Since the model still has its limitations, we require developers only use the open-sourced code, data, model and any other artifacts generated via this project for research purposes. Commercial use and other potential harmful use cases are not allowed.

## Citation

Please cite us when using our code, data or model.

```
@misc{BELLE,
  author = {Yunjie Ji, Yong Deng, Yan Gong, Yiping Peng, Qiang Niu, Baochang Ma, Xiangang Li},
  title = {BELLE: Bloom-Enhanced Large Language model Engine },
  year = {2023},
  publisher = {GitHub},
  journal = {GitHub repository},
  howpublished = {\url{https://github.com/LianjiaTech/BELLE}},
}
```

Cite the original BLOOM, Stanford Alpaca and Self-Instruct papers as well!

***

# GPTQ-for-Bloom

## 欢迎
如果您觉得此模型对您有帮助,请like此模型并在https://github.com/LianjiaTech/BELLE 项目中star我们!

## 模型描述
对[BELLE-7B-2M](https://huggingface.co/BelleGroup/BELLE-7B-2M) and [BELLE-7B-0.2M](https://huggingface.co/BelleGroup/BELLE-7B-0.2M)进行8 bit(8位)量化。

GPTQ是目前SOTA的one-shot权重量化方法。

此模型的推理代码请见https://github.com/LianjiaTech/BELLE/tree/main/models/gptq .

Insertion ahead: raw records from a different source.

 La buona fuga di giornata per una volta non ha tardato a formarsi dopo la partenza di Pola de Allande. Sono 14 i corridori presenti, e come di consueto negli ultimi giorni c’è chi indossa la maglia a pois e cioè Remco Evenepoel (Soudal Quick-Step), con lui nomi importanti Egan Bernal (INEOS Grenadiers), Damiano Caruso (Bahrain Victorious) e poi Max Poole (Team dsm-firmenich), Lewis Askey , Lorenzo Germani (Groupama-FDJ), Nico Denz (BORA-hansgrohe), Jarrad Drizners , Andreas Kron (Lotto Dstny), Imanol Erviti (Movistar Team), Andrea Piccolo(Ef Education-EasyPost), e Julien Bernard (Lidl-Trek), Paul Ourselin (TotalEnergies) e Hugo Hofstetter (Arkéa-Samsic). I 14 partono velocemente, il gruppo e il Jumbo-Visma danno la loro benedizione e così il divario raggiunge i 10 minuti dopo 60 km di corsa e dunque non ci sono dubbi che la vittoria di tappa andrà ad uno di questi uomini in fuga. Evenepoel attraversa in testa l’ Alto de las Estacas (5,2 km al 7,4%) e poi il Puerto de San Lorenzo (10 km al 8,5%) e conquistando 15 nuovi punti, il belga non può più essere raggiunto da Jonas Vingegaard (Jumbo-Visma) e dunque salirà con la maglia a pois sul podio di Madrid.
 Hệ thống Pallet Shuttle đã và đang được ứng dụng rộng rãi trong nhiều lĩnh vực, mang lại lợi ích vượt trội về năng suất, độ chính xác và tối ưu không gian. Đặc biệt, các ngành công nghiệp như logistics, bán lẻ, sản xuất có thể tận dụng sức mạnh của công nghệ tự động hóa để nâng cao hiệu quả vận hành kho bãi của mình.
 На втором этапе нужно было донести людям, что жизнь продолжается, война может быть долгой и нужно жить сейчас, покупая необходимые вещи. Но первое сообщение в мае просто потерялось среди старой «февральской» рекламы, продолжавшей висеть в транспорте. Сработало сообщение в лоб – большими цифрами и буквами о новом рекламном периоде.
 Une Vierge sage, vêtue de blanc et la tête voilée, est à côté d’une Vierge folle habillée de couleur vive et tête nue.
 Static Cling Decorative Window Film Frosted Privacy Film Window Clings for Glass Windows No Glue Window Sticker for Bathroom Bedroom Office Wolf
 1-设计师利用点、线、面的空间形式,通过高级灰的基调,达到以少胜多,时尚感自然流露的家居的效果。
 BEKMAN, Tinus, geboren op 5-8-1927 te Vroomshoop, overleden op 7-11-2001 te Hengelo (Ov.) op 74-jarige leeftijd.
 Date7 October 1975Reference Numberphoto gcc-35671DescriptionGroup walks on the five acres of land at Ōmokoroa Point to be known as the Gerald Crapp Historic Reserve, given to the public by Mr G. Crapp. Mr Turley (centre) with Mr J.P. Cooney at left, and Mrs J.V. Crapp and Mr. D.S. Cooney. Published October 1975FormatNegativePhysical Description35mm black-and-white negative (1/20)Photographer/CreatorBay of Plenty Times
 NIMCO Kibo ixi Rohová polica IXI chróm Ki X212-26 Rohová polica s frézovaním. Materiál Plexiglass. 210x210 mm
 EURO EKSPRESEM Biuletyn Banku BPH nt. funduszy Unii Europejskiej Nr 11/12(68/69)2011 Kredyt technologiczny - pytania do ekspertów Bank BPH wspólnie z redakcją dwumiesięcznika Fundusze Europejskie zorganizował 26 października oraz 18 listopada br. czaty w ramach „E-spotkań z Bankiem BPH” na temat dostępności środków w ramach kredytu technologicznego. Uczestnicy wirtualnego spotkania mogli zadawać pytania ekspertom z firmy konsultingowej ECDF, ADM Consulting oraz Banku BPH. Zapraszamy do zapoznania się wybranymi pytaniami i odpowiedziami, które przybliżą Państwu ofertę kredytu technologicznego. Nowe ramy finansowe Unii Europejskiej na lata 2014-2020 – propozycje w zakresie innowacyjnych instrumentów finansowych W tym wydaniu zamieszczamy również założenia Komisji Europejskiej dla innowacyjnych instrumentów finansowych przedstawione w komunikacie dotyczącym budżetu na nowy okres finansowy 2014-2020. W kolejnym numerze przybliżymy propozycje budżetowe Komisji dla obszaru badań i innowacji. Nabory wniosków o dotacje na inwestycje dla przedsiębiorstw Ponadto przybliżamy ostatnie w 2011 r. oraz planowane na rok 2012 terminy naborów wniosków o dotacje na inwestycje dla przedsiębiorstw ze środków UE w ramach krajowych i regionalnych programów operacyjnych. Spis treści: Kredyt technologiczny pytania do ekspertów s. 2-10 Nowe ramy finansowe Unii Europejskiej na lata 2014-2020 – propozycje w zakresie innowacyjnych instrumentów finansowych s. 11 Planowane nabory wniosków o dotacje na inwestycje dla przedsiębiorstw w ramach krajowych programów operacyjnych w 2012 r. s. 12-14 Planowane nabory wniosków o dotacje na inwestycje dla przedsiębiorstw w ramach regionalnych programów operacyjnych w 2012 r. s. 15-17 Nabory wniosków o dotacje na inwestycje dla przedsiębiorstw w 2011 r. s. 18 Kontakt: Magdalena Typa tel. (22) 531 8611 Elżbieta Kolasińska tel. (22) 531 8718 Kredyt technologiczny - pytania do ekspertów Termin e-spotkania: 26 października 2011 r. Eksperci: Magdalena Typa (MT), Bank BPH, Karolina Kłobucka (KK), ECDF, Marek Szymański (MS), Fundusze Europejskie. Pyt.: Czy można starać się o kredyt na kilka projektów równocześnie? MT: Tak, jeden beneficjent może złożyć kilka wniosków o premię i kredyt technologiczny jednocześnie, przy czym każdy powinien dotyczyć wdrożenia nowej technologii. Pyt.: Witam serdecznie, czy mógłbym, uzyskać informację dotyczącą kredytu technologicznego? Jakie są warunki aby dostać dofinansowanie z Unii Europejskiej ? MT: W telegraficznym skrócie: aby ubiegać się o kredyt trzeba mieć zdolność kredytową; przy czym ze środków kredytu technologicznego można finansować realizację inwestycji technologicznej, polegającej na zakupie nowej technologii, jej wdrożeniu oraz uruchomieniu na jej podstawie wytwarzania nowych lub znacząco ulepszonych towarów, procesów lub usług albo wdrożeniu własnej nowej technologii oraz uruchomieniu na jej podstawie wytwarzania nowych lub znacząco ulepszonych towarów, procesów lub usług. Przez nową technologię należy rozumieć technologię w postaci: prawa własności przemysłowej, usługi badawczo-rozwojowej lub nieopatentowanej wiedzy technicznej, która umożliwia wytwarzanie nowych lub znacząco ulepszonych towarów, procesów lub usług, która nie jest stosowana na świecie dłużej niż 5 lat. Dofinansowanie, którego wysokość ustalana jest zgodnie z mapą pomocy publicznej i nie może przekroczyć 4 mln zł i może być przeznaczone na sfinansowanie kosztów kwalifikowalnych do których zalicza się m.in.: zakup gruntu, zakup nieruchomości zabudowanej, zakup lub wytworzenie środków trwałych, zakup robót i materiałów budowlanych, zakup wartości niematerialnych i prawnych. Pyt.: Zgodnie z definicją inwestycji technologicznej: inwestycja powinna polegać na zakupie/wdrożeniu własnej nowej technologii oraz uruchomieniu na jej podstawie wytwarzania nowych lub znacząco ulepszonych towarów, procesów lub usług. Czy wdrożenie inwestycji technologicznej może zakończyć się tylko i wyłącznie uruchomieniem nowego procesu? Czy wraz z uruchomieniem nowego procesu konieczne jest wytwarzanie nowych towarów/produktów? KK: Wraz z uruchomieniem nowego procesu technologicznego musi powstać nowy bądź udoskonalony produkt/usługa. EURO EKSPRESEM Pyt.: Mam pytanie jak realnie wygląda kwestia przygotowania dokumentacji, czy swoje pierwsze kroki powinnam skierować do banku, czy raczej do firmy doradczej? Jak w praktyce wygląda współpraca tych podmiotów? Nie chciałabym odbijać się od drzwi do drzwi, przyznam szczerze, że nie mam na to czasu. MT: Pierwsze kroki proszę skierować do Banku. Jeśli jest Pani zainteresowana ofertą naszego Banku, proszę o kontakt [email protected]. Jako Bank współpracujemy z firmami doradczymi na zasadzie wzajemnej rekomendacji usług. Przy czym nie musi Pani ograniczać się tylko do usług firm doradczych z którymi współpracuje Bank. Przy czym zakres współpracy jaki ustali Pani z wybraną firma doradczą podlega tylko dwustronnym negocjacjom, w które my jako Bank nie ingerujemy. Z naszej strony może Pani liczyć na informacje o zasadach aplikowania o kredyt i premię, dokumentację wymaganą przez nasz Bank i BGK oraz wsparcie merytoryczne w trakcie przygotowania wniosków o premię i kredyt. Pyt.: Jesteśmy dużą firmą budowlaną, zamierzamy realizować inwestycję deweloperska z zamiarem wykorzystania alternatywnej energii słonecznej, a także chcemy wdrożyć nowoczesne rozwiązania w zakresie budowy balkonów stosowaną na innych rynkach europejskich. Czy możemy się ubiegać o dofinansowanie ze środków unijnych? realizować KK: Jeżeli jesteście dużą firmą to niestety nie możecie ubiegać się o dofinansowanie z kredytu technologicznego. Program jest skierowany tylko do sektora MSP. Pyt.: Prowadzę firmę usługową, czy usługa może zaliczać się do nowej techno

一般来说,推荐使用8-bit量化及groupsize = 128.

**[Bloom](https://arxiv.org/pdf/2211.05100.pdf)模型使用[GPTQ](https://arxiv.org/abs/2210.17323)的推理代码基于[GPTQ-for-LLaMa](https://github.com/qwopqwop200/GPTQ-for-LLaMa)**

## 模型列表

| 模型名称       |  文件大小 | GPU显存占用 |
| -------------------------------------------------- |  ------------------- | ------------------ |
|           base                 |          27G        |       ~28.2G         |
|           bloom7b-2m-8bit-128g.pt                  |          9.7G        |       ~11.4G          |
|           bloom7b-2m-4bit-128g.pt                  |          6.9G        |        ~8.4G          |
|           bloom7b-0.2m-8bit-128g.pt                  |          9.7G        |       ~11.4G          |
|           bloom7b-0.2m-4bit-128g.pt                  |          6.9G        |        ~8.4G          |

## 局限性和使用限制
基于当前数据和基础模型训练得到的SFT模型,在效果上仍存在以下问题:

1. 在涉及事实性的指令上可能会产生违背事实的错误回答。

2. 对于具备危害性的指令无法很好的鉴别,由此会产生危害性言论。

3. 在一些涉及推理、代码等场景下模型的能力仍有待提高。

基于以上模型局限性,我们要求开发者仅将我们开源的代码、数据、模型及后续用此项目生成的衍生物用于研究目的,不得用于商业,以及其他会对社会带来危害的用途。

## 引用
如果使用本项目的代码、数据或模型,请引用本项目。
```
@misc{BELLE,
  author = {Yunjie Ji, Yong Deng, Yan Gong, Yiping Peng, Qiang Niu, Baochang Ma, Xiangang Li},
  title = {BELLE: Bloom-Enhanced Large Language model Engine },
  year = {2023},
  publisher = {GitHub},
  journal = {GitHub repository},
  howpublished = {\url{https://github.com/LianjiaTech/BELLE}},
}
```
也请同时引用原始的BLOOM论文、Stanford Alpaca和Self-Instruct论文。